‘Internet of Everything’ to roll out over the next 10 years: Cisco

Rajesh Kurup Recently in Boston | Updated on March 12, 2018

Padmasree Warrior

“There is a need to ‘connect the unconnected’, whether it is using 3G, 4G or Wi-Fi.” – Padmasree Warrior of Cisco

Regarded to be one of the most powerful women in the Silicon Valley, Padmasree Warrior has a huge responsibility at Cisco Systems, the world’s largest computer networking gear manufacturer.

The 51-year-old helps drive technology and operational innovations, oversees strategic partnerships and M&As to name a few.

The Chief Technology and Strategy Officer at Cisco Systems is also a contender for the company’s Chief Executive Officer’s post, with its Chairman and CEO John Chambers, 63, planning to step down.

Warrior, who had joined the company in 2007 from Motorola, is also in charge of mergers and acquisitions, and has also led the San Jose-headquartered company through 14 acquisitions in the past 12 months. In a tête-à-tête with Business Line, she talks about the company’s vision of Internet of Everything, acquisition strategy and importance of India as a market. Excerpts:

What do you think are the technologies that would gain ground in a country like India where 2G scripted a success story, while 3G is struggling and 4G faces an uncertain fate?

In India, it wouldn’t be a single technology, but a combination. In some cases, it would be enhancements of 2G combined with Wi-Fi, while in certain cases it would be 3G with higher bandwidth and faster speed, and with users moving over to mobile Internet it could be 4G also. It could even be Wi-Fi or some kind of a combination such as unlicensed spectrum with Wi-Fi.

Does technology really matter to the user?

For the user, it doesn’t matter whether he is getting access on Wi-Fi, 3G or 2G networks. What matters is good connectivity and as a technology provider our job is to hide the complexity of the technology.

Earlier, you were looking at WiMax to ‘connect to the unconnected’. But it did not take off as expected?

Yes, Wimax has not taken off as much as we thought. I think, at that time, when we were talking, Wi-Fi had limited capability but today we offer a lot of Wi-Fi capability to number of operators. So it’s sort of bridging the gap.

Regardless of the technology, we at Cisco believe that there is a need to ‘connect the unconnected’, whether it is using 3G, 4G or Wi-Fi. We are working on enabling heterogeneous access across different technologies. The basic need to ‘connect to unconnected’ still remains.

Cisco is now talking about Internet of Everything, the next phase of evolution of the Internet. How long will this take to become a reality?

What we were talking about is that the Internet will evolve to the next phase, which we are calling the Internet of Everything.

We can’t say how long will it last or how long will it take. The first phase of Internet was probably in the 80s, which was providing basic connectivity such as e-mail.

I don’t think we are saying that IoE will replace how the Internet has served us so far. So, I think from our perspective, the IoE will rollout over the next 10 years.
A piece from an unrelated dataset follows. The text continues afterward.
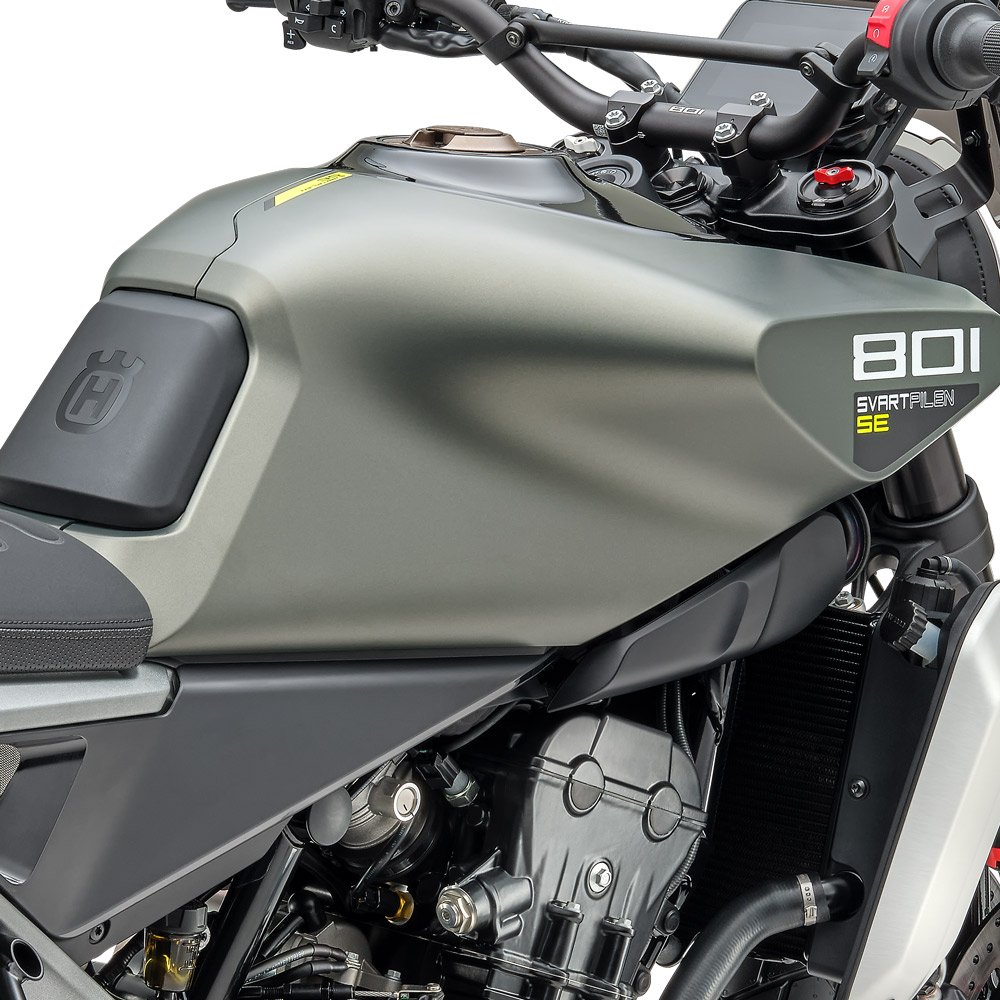 The 14-litre fuel tank is housed inside a beautifully contoured cover, which is shaped to provide extensive knee contact at all times for a confidence inspiring ride. A bronze-anodised aluminium fuel cap is complete with a machined Husqvarna logo for a premium look.
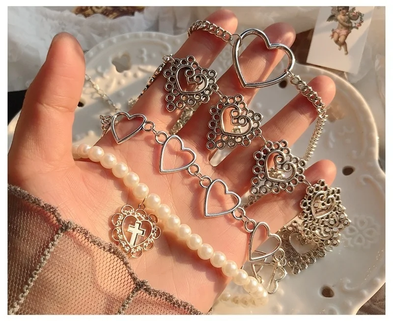 Женское Ожерелье-чокер с цепочкой в форме сердца, украшение с жемчугом в готическом стиле, Ювелирное Украшение для рождественской вечеринки, на Хэллоуин

Cisco has acquired more than 160 companies of which 14 were bought in the last 12 months. What is the strategy going forward?

All the 14 acquisitions (in last 12 months) were in cloud, recurring revenues and software, and this could be an indication of directionally where we are headed. We are looking at acquisitions from a talent perspective or capability perspective.
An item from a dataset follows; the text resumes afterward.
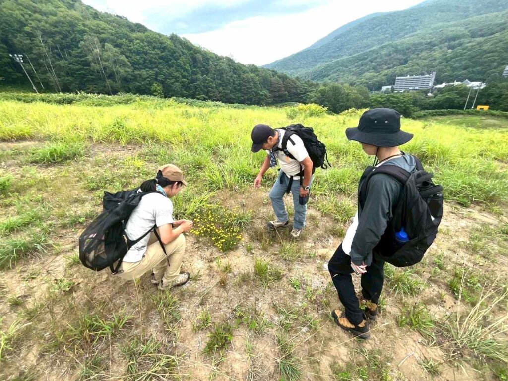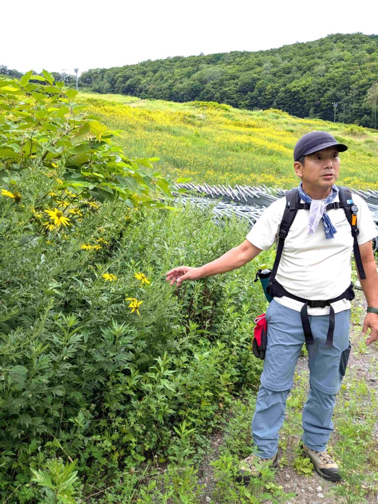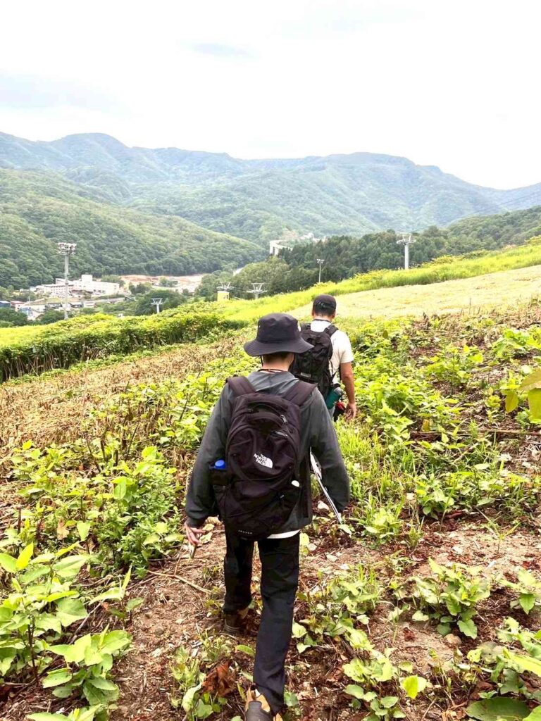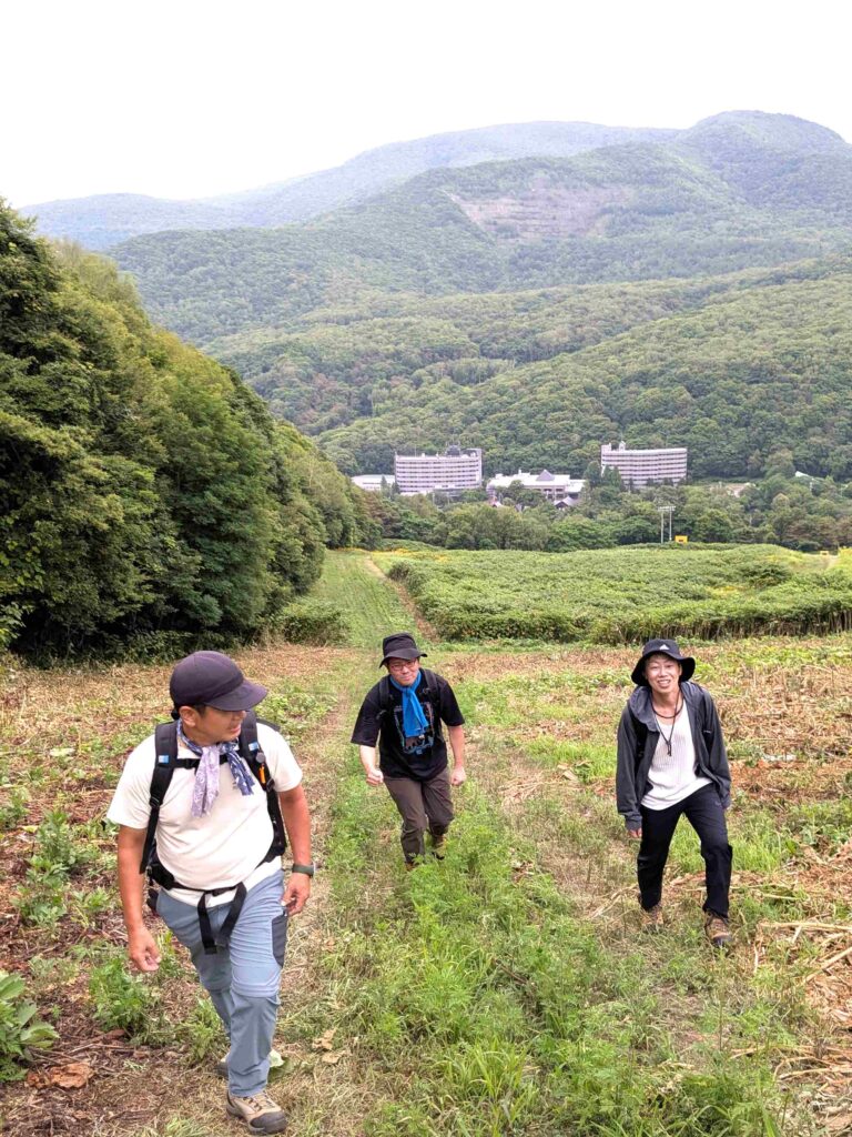 ハイキングのルートは、なんと冬にはスキー場として使われる斜面を今日はゆっくりと、自分の足で登っていきます。ちょっと不思議な感覚です。
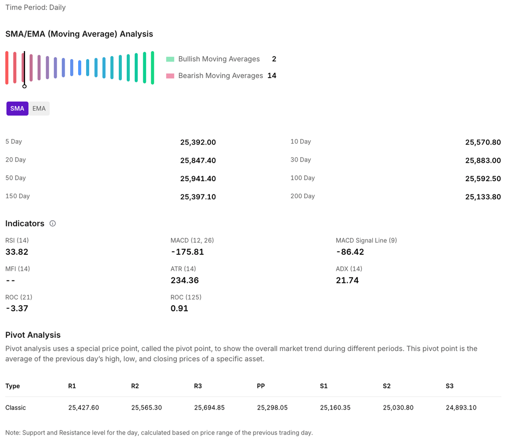 Nifty 50 ended the week on a bearish note, losing approximately –2.40% (-616 points), closing at 25,694.

What are the sectors video technologies could be put to use in India?

Video would be an enabler in changing education in India, while it would also find applications in the retail sector. India is a little bit behind in smart grid technology, while China and Europe are much ahead in smart grid technology. We have a strong presence in video. Moreover, we are looking at enabling video on the cloud, in addition to having a premise-based solution like Telepresence.

How important is India to Cisco?

India is a great market for us and we have a lot of latent based in India, especially in engineering, and we continue to grow that. We are not just doing product support in India, but are developing some major platforms also. It’s also an important R&D centre. We are looking at solutions for education and healthcare, and it’s not just in India, emerging countries are key priorities.


(This correspondent was in Boston at the invitation of Cisco.)